- Work to complete -
Leaving the pictures aside, reproduce the data in full and word for word.

- Supplied material -

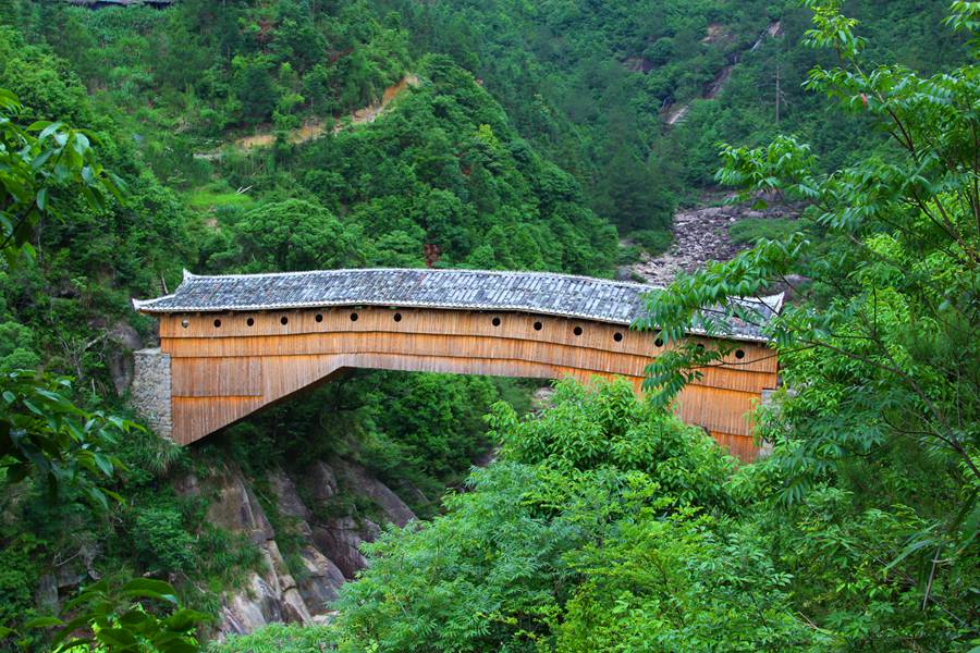 木拱廊橋,木構(gòu)建拱,橋上蓋頂為廊,是中國傳統(tǒng)木構(gòu)橋中技術(shù)含量最高的一類結(jié)構(gòu)形式。我國現(xiàn)存木拱廊橋大多集中在福建東北、浙江西南的邊界一帶。
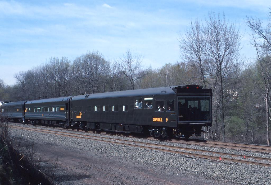 Previous Next Theater car #9 at the rear of OCS301 in Meriden, CT. on May 3, 1990. Photo By Carl Weber Year 1990 Original Date 5/3/90 Location Details Hicks Ave. Conrail Number 9 Additional Galleries Carl Weber's ConRail in Connecticut Subject(s) OCS Passenger Equipment Line or Locale Conrail on the Northeast Corridor Collection CRHS Conrail Photo Archive Contributions
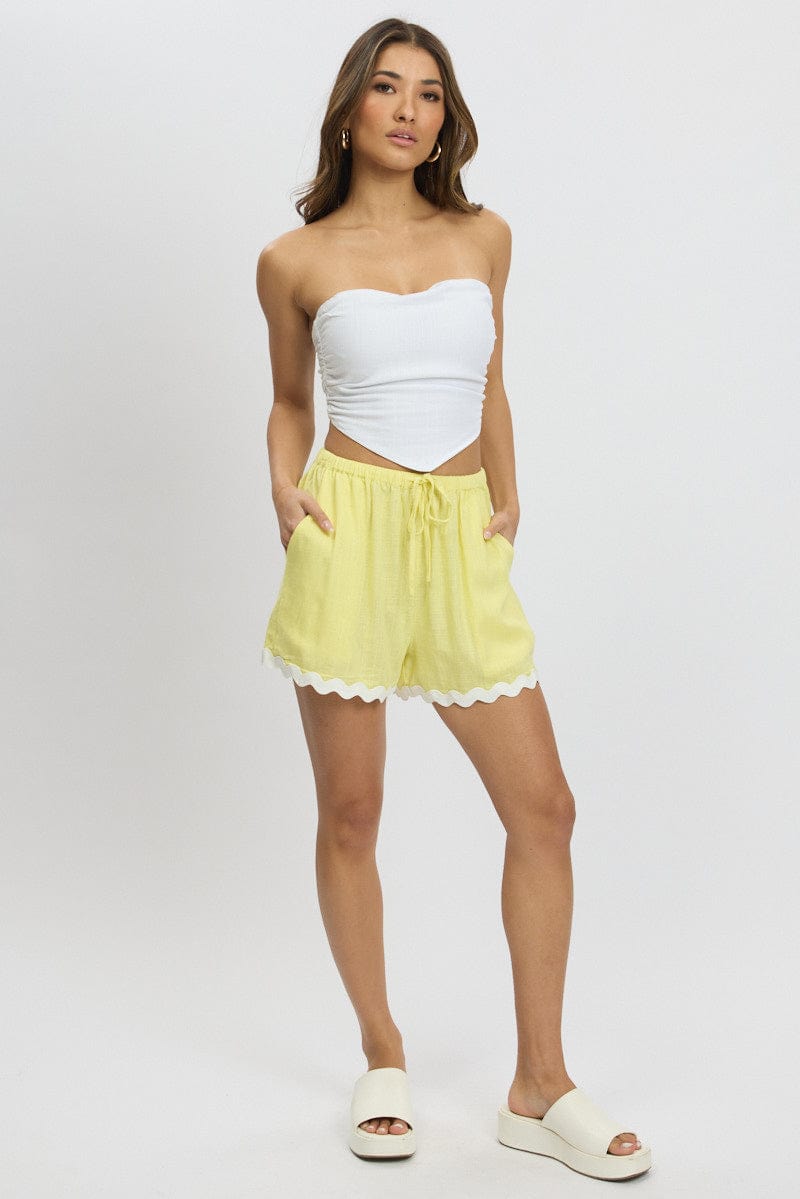 Yellow Shorts Elasticated Waist Ric Rac
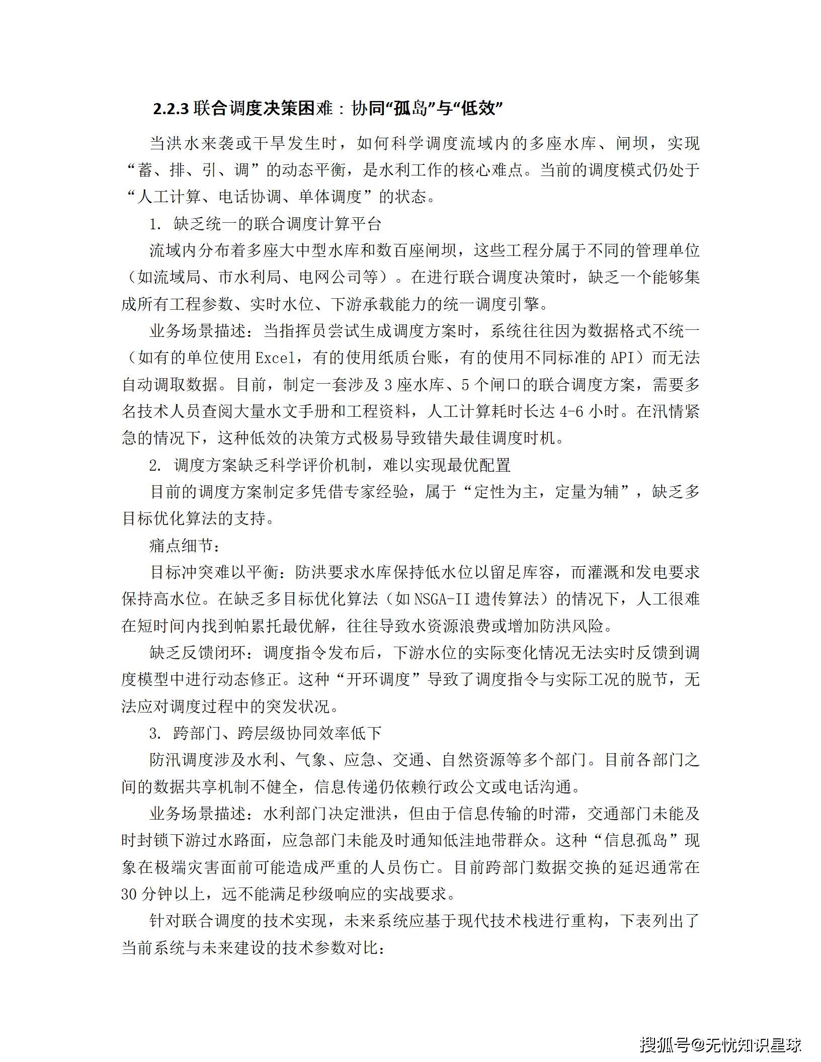 - 协同"孤岛":水库、闸坝分属不同单位,数据格式不一,联合调度需人工查阅大量资料,制定一套方案耗时4-6小时。

- Task solution -
 木拱廊橋,木構(gòu)建拱,橋上蓋頂為廊,是中國傳統(tǒng)木構(gòu)橋中技術(shù)含量最高的一類結(jié)構(gòu)形式。我國現(xiàn)存木拱廊橋大多集中在福建東北、浙江西南的邊界一帶。
 Previous Next Theater car #9 at the rear of OCS301 in Meriden, CT. on May 3, 1990. Photo By Carl Weber Year 1990 Original Date 5/3/90 Location Details Hicks Ave. Conrail Number 9 Additional Galleries Carl Weber's ConRail in Connecticut Subject(s) OCS Passenger Equipment Line or Locale Conrail on the Northeast Corridor Collection CRHS Conrail Photo Archive Contributions
 Yellow Shorts Elasticated Waist Ric Rac
 - 协同"孤岛":水库、闸坝分属不同单位,数据格式不一,联合调度需人工查阅大量资料,制定一套方案耗时4-6小时。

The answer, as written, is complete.